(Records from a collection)
++++++

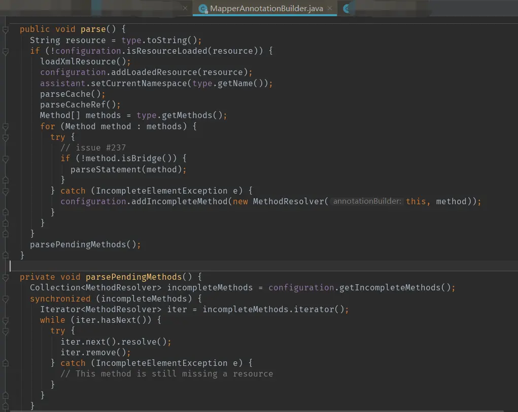 MapperAnnoationBuilder跟XMLMapperBuilder有些类似,不过构建的内容略少,且需要使用反射来构建SQL Mapper
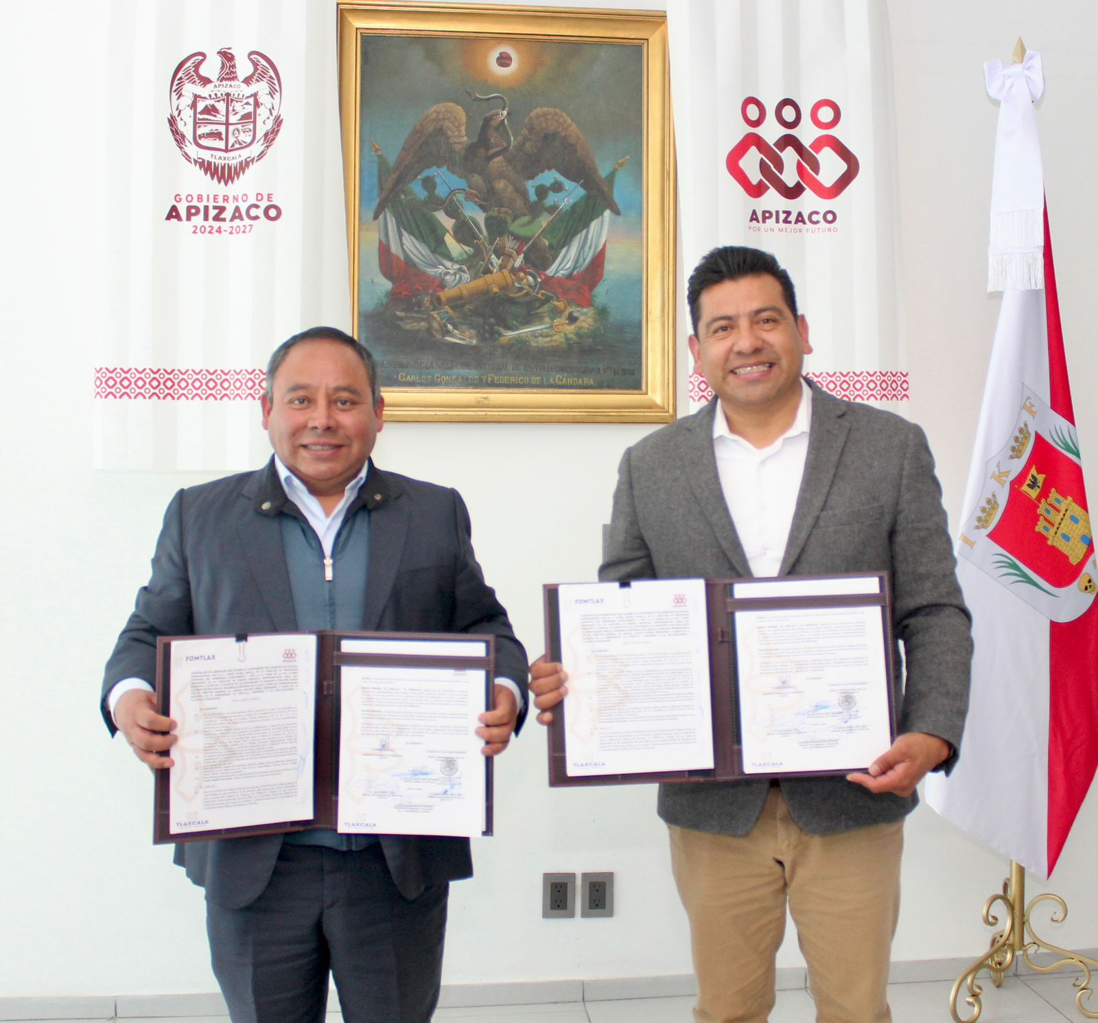 Los trabajadores colocaron cartulinas con consignas en las oficinas ubicadas en la colonia Loma Xicohténcatl, donde exigieron alto a las arbitrariedades y presiones que, aseguran, afectan su desempeño.
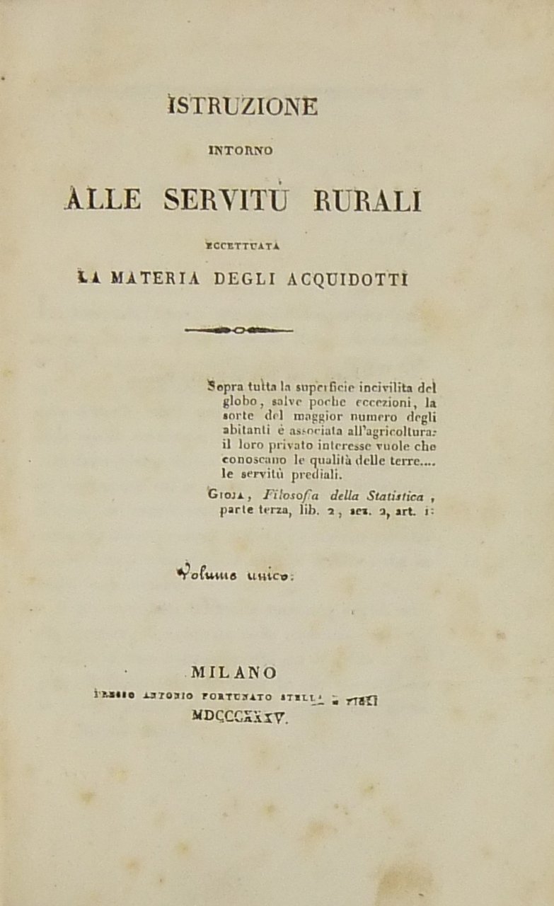 Istruzione intorno alle servitù rurali eccettuata la materia degli acquidotti. Volume unico | Livres anciens et modernes | Autori Vari
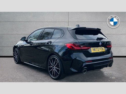 This 2022 BMW 1 Series M135i is a superb example, having had only one owner since new. It features a powerful 2.0 litre petrol engine paired with a four wheel drive drivetrain, ensuring excellent traction and performance. This Euro 6 compliant model comes equipped with the desirable Technology Pack, which includes Bluetooth connectivity, a Head Up Display, LED headlights, and a rear camera for parking assistance, alongside wireless phone charging. Further enhancing its appeal is the M135i Pro Pack, bringing a premium branded sound system, and the Park Assistant for effortless parking manoeuvres. Subtle yet distinctive BMW M 50 Year Badges and adaptive LED headlights add to its sophisticated presence.
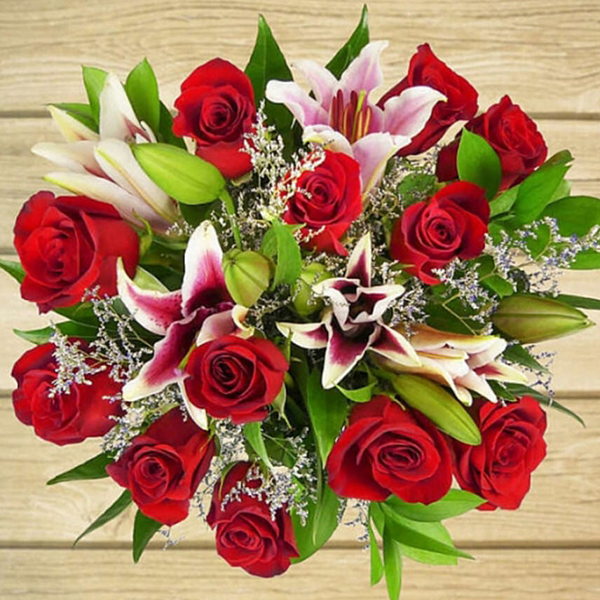 • Romantic Garden Bouquet is an elegant and striking gift for someone special. Arranged with care and comprised of radiant red roses and upscale fillers and greens, it is a refined and sophisticated way to show someone you care. Send your thoughtful sentiments wrapped up in these luxurious blooms.
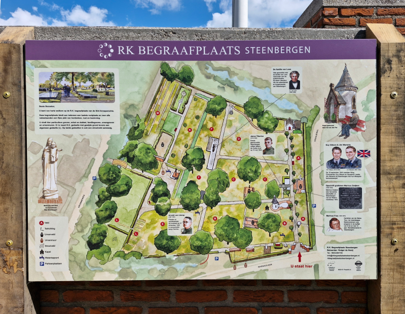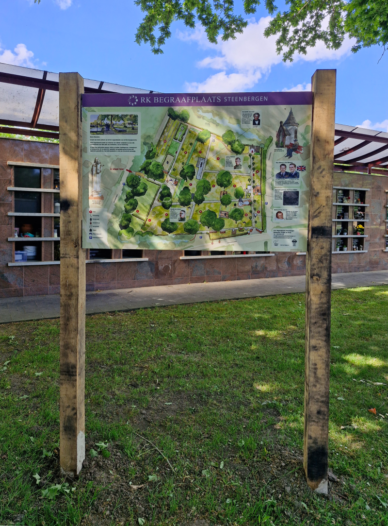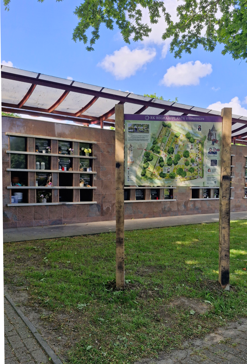 De Informatiepanelen bij de Rooms Katholieke begraafplaats Steenbergen zijn geplaatst, één bij de ingang aan de Nassaulaan en de tweede bij de ingang aan de Krommeweg.
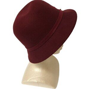 Women Lady Fedroas Hat Burgundy Fashion Dome Cap Flower 100 % Polyester 57CM
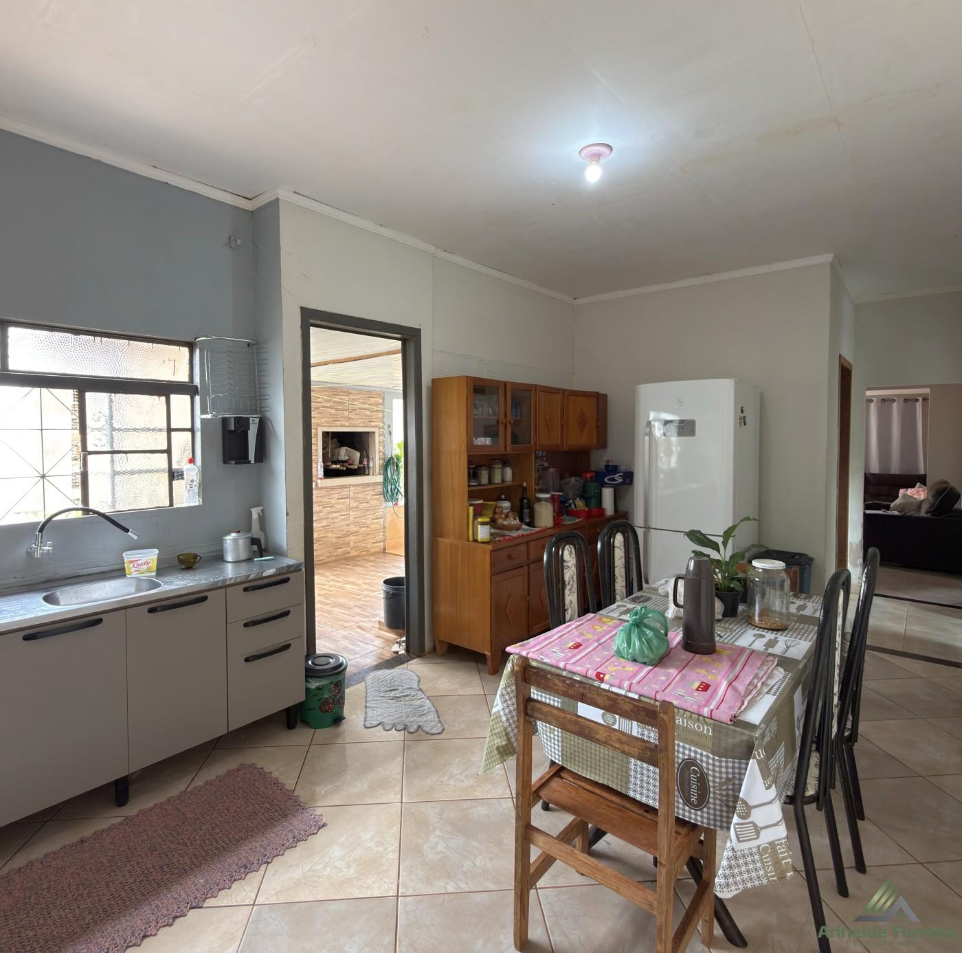 A residência dispõe de três dormitórios, sendo uma suíte, e um banheiro social, atendendo com comodidade às necessidades da família. Conta também com uma varanda gourmet com churrasqueira, ideal para momentos de lazer, além de uma área de serviço e uma vaga de garagem.
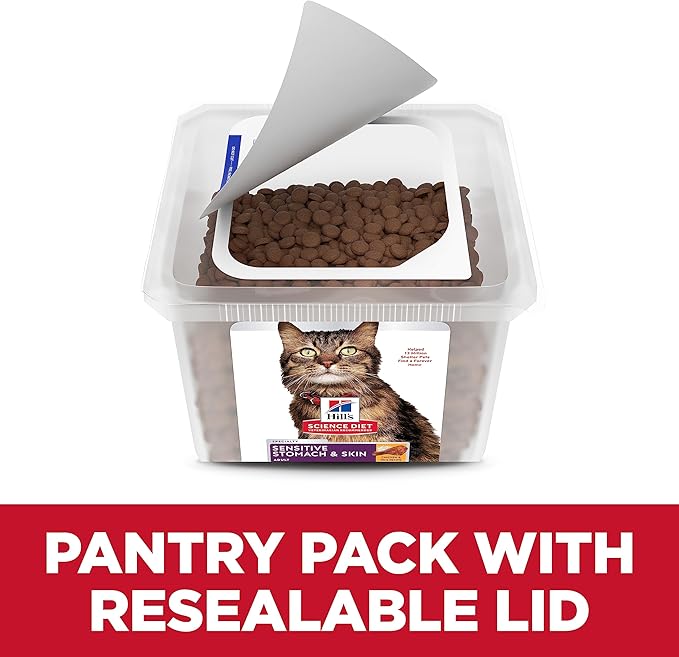 Hill's Science Diet Sensitive Stomach & Skin, Adult 1-6, Stomach & Skin Sensitivity Support, Dry Cat Food, Chicken & Rice, 20 lb Tub
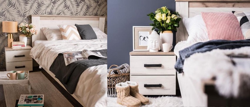 U sobu srednje veličine perfektno će se uklopiti nameštaj neutralnih, prirodnih tonova, poput bračnog kreveta i noćnog ormarića u dezenu belog i sivog hrasta iz Forma Ideale kolekcije KENT. Ovakav ambijent ostavlja vam mogućnost da se igrate svetlima dodavanjem novih lampi ili, recimo, jedan zid da naglasite upečatljivim tapetama ili punijom bojom. Da biste postigli maksimalno upečatljiv utisak, birajte posteljinu jarkih boja ili na zid dodajte neku neobičnu, apstraktnu sliku.
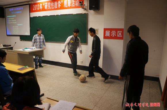 在这两天的观摩活动中,来自体育学院、外国语学院、电信学院、文史学院和化工学院的五位教师用“研究性教学”的教学方法为大家讲授了五节专业课。28日上午,李民、唐圣松、刘孟初、齐恒观摩了体育学院教师杨锋主讲的《体育心理学》——“运动技能的迁移”。杨锋按照“研究性教学”理念,从“课前导学”课题入手,组织学生分成六个小组对“运动技能的迁移”这一问题进行分析和讨论,然后学生走上讲台将小组讨论结果向全班进行现场展示和讲解,最后由教师进行小结并布置课后作业。课堂上,教师和学生互动频繁,学生参与课程的积极性很高,颠覆了满堂灌的教学方式,充分展现了“研究性教学”的风采和魅力。
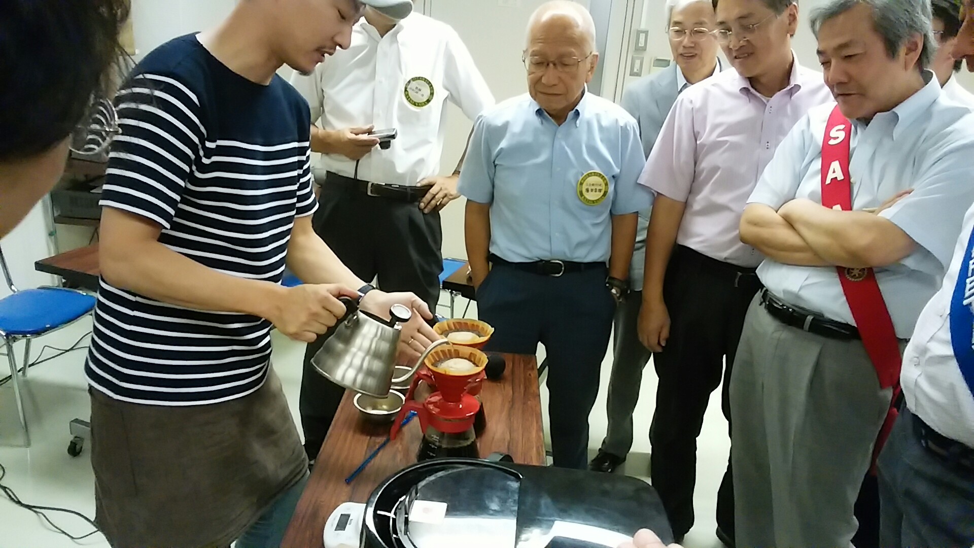 「コーヒー豆はサクランボのような木の実の中の種です。コーヒーは果物であり、いろんな人の手を渡ってできている尊いものです。コーヒー豆は生産者すなわちコーヒーの苗を植える方、実を収穫する農家の方、実から種を取り出し、果肉と種の間の粘々したものを水できれいに洗い流し乾燥させて日本に入ってくるという流れであります。それで美味しいコーヒー豆を生産する東ティモールの水への支援をしたいと思っている次第です。本日は皆さんが普段口にしないようなコーヒーを敢えて選んでみました。皆さんに淹れるコーヒー豆は中米エルサルバドル産です。コーヒーは果実であること、その果実の甘味が味わえるコーヒー豆です。今日は皆さんにコーヒーは果物であることを知っていただきたいと思います。」
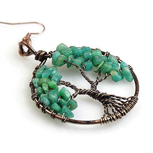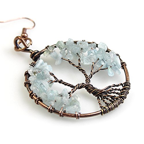 -. Title : BAYUEBA Dangle Earrings Tree of Life Amethyst Rose Crystal Chakra Gemstone Jewelry
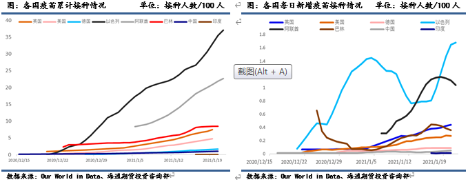 新冠疫情对全球经济和石油需求造成毁灭性打击,其影响远超于人类历史上任何一次金融危机或经济危机。但是好在随着疫苗研制成功,史上最大的疫苗接种运动正拉开帷幕,截至2021年1月28日,全球共有6300万的新冠疫苗在56个国家接种注射,平均每天有321万人接种他们的第一针或第二针疫苗。但疫苗接种水平在高收入与低收入经济体中呈现明显不平衡状态,且欧美疫苗接种进度较慢。
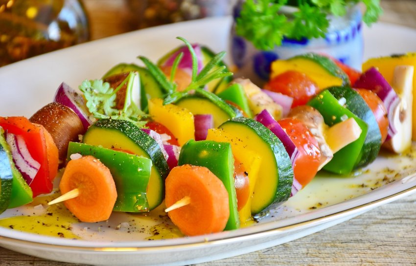 fresh Mediterranean vegetables & mozzarella cheese on a skewer
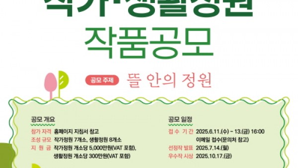 경기도는 오는 10월 평택시 농업생태원에서 열리는 ‘제13회 경기정원문화박람회’에 전시될 작가정원 및 생활정원 작품을 6월 11일부터 13일까지 공개모집한다. 공모+포스터 올해 공모 주제는 ‘뜰 안의 정원’으로, 박람회 전체 주제인 ‘평택의 뜰, 일상에서 정원을 만나…
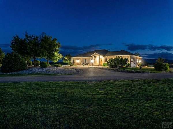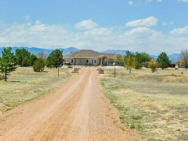 Luxurious 5 bedroom 5 bathroom custom built home by Drawing Room with gorgeous views, views, and more views of the Spanish Peaks, Greenhorn Mountains. Pikes Peak, and yes a beach (stem beach). Almost 6,000 finished square feet. Feels like home as you walk into the beautiful foyer with marble flooring. The home opens up to a formal dining room, office and kitchen with granite countertops. Did you say entertainment? Culinary paradise with ovens gas cooktop pantry and custom built cherry cupboards. Bedrooms with adjoining bathroom and sinks in the bedrooms. 5 piece bathroom, 2-way gas fireplace with the main bedroom and walk-in closet. Did I mention entertainment? Down stairs has a library, wet bar, game room, living room, 2 bedrooms, 2 bathrooms, utility room, gym with wall to wall mirrors, and after the workout enjoy the dry sauna, tanning bed, or shower. Need more entertainment? Enjoy the theater room with huge projector screen, projector, and sound system. Elegant wet bar with granite countertop fridge, dishwasher, and custom wine/whiskey cabinets. 3 car attached garage with 11 1/2 foot ceiling. 3 car detached garage that has work shop and storage. Home sits on 40 acres with 10 to 15 acres fenced with electric fence. Over 35 mature trees. Main level laundry with 2 washers and 2 dryers. Main level and basement level have separate furnaces. Two electric meters. Beautiful outdoor lighting, pond with waterfall. Furniture can be negotiated to stay with the home.

++++++

Activity: The entries above should be given again exactly, minus any pictures.

Your response:
 MapperAnnoationBuilder跟XMLMapperBuilder有些类似,不过构建的内容略少,且需要使用反射来构建SQL Mapper
 Los trabajadores colocaron cartulinas con consignas en las oficinas ubicadas en la colonia Loma Xicohténcatl, donde exigieron alto a las arbitrariedades y presiones que, aseguran, afectan su desempeño.
 Istruzione intorno alle servitù rurali eccettuata la materia degli acquidotti. Volume unico | Livres anciens et modernes | Autori Vari
 This 2022 BMW 1 Series M135i is a superb example, having had only one owner since new. It features a powerful 2.0 litre petrol engine paired with a four wheel drive drivetrain, ensuring excellent traction and performance. This Euro 6 compliant model comes equipped with the desirable Technology Pack, which includes Bluetooth connectivity, a Head Up Display, LED headlights, and a rear camera for parking assistance, alongside wireless phone charging. Further enhancing its appeal is the M135i Pro Pack, bringing a premium branded sound system, and the Park Assistant for effortless parking manoeuvres. Subtle yet distinctive BMW M 50 Year Badges and adaptive LED headlights add to its sophisticated presence.
 • Romantic Garden Bouquet is an elegant and striking gift for someone special. Arranged with care and comprised of radiant red roses and upscale fillers and greens, it is a refined and sophisticated way to show someone you care. Send your thoughtful sentiments wrapped up in these luxurious blooms.
 De Informatiepanelen bij de Rooms Katholieke begraafplaats Steenbergen zijn geplaatst, één bij de ingang aan de Nassaulaan en de tweede bij de ingang aan de Krommeweg.
 Women Lady Fedroas Hat Burgundy Fashion Dome Cap Flower 100 % Polyester 57CM
 A residência dispõe de três dormitórios, sendo uma suíte, e um banheiro social, atendendo com comodidade às necessidades da família. Conta também com uma varanda gourmet com churrasqueira, ideal para momentos de lazer, além de uma área de serviço e uma vaga de garagem.
 Hill's Science Diet Sensitive Stomach & Skin, Adult 1-6, Stomach & Skin Sensitivity Support, Dry Cat Food, Chicken & Rice, 20 lb Tub
 U sobu srednje veličine perfektno će se uklopiti nameštaj neutralnih, prirodnih tonova, poput bračnog kreveta i noćnog ormarića u dezenu belog i sivog hrasta iz Forma Ideale kolekcije KENT. Ovakav ambijent ostavlja vam mogućnost da se igrate svetlima dodavanjem novih lampi ili, recimo, jedan zid da naglasite upečatljivim tapetama ili punijom bojom. Da biste postigli maksimalno upečatljiv utisak, birajte posteljinu jarkih boja ili na zid dodajte neku neobičnu, apstraktnu sliku.
 在这两天的观摩活动中,来自体育学院、外国语学院、电信学院、文史学院和化工学院的五位教师用“研究性教学”的教学方法为大家讲授了五节专业课。28日上午,李民、唐圣松、刘孟初、齐恒观摩了体育学院教师杨锋主讲的《体育心理学》——“运动技能的迁移”。杨锋按照“研究性教学”理念,从“课前导学”课题入手,组织学生分成六个小组对“运动技能的迁移”这一问题进行分析和讨论,然后学生走上讲台将小组讨论结果向全班进行现场展示和讲解,最后由教师进行小结并布置课后作业。课堂上,教师和学生互动频繁,学生参与课程的积极性很高,颠覆了满堂灌的教学方式,充分展现了“研究性教学”的风采和魅力。
 「コーヒー豆はサクランボのような木の実の中の種です。コーヒーは果物であり、いろんな人の手を渡ってできている尊いものです。コーヒー豆は生産者すなわちコーヒーの苗を植える方、実を収穫する農家の方、実から種を取り出し、果肉と種の間の粘々したものを水できれいに洗い流し乾燥させて日本に入ってくるという流れであります。それで美味しいコーヒー豆を生産する東ティモールの水への支援をしたいと思っている次第です。本日は皆さんが普段口にしないようなコーヒーを敢えて選んでみました。皆さんに淹れるコーヒー豆は中米エルサルバドル産です。コーヒーは果実であること、その果実の甘味が味わえるコーヒー豆です。今日は皆さんにコーヒーは果物であることを知っていただきたいと思います。」
 -. Title : BAYUEBA Dangle Earrings Tree of Life Amethyst Rose Crystal Chakra Gemstone Jewelry
 新冠疫情对全球经济和石油需求造成毁灭性打击,其影响远超于人类历史上任何一次金融危机或经济危机。但是好在随着疫苗研制成功,史上最大的疫苗接种运动正拉开帷幕,截至2021年1月28日,全球共有6300万的新冠疫苗在56个国家接种注射,平均每天有321万人接种他们的第一针或第二针疫苗。但疫苗接种水平在高收入与低收入经济体中呈现明显不平衡状态,且欧美疫苗接种进度较慢。
 fresh Mediterranean vegetables & mozzarella cheese on a skewer
 경기도는 오는 10월 평택시 농업생태원에서 열리는 ‘제13회 경기정원문화박람회’에 전시될 작가정원 및 생활정원 작품을 6월 11일부터 13일까지 공개모집한다. 공모+포스터 올해 공모 주제는 ‘뜰 안의 정원’으로, 박람회 전체 주제인 ‘평택의 뜰, 일상에서 정원을 만나…
 Luxurious 5 bedroom 5 bathroom custom built home by Drawing Room with gorgeous views, views, and more views of the Spanish Peaks, Greenhorn Mountains. Pikes Peak, and yes a beach (stem beach). Almost 6,000 finished square feet. Feels like home as you walk into the beautiful foyer with marble flooring. The home opens up to a formal dining room, office and kitchen with granite countertops. Did you say entertainment? Culinary paradise with ovens gas cooktop pantry and custom built cherry cupboards. Bedrooms with adjoining bathroom and sinks in the bedrooms. 5 piece bathroom, 2-way gas fireplace with the main bedroom and walk-in closet. Did I mention entertainment? Down stairs has a library, wet bar, game room, living room, 2 bedrooms, 2 bathrooms, utility room, gym with wall to wall mirrors, and after the workout enjoy the dry sauna, tanning bed, or shower. Need more entertainment? Enjoy the theater room with huge projector screen, projector, and sound system. Elegant wet bar with granite countertop fridge, dishwasher, and custom wine/whiskey cabinets. 3 car attached garage with 11 1/2 foot ceiling. 3 car detached garage that has work shop and storage. Home sits on 40 acres with 10 to 15 acres fenced with electric fence. Over 35 mature trees. Main level laundry with 2 washers and 2 dryers. Main level and basement level have separate furnaces. Two electric meters. Beautiful outdoor lighting, pond with waterfall. Furniture can be negotiated to stay with the home.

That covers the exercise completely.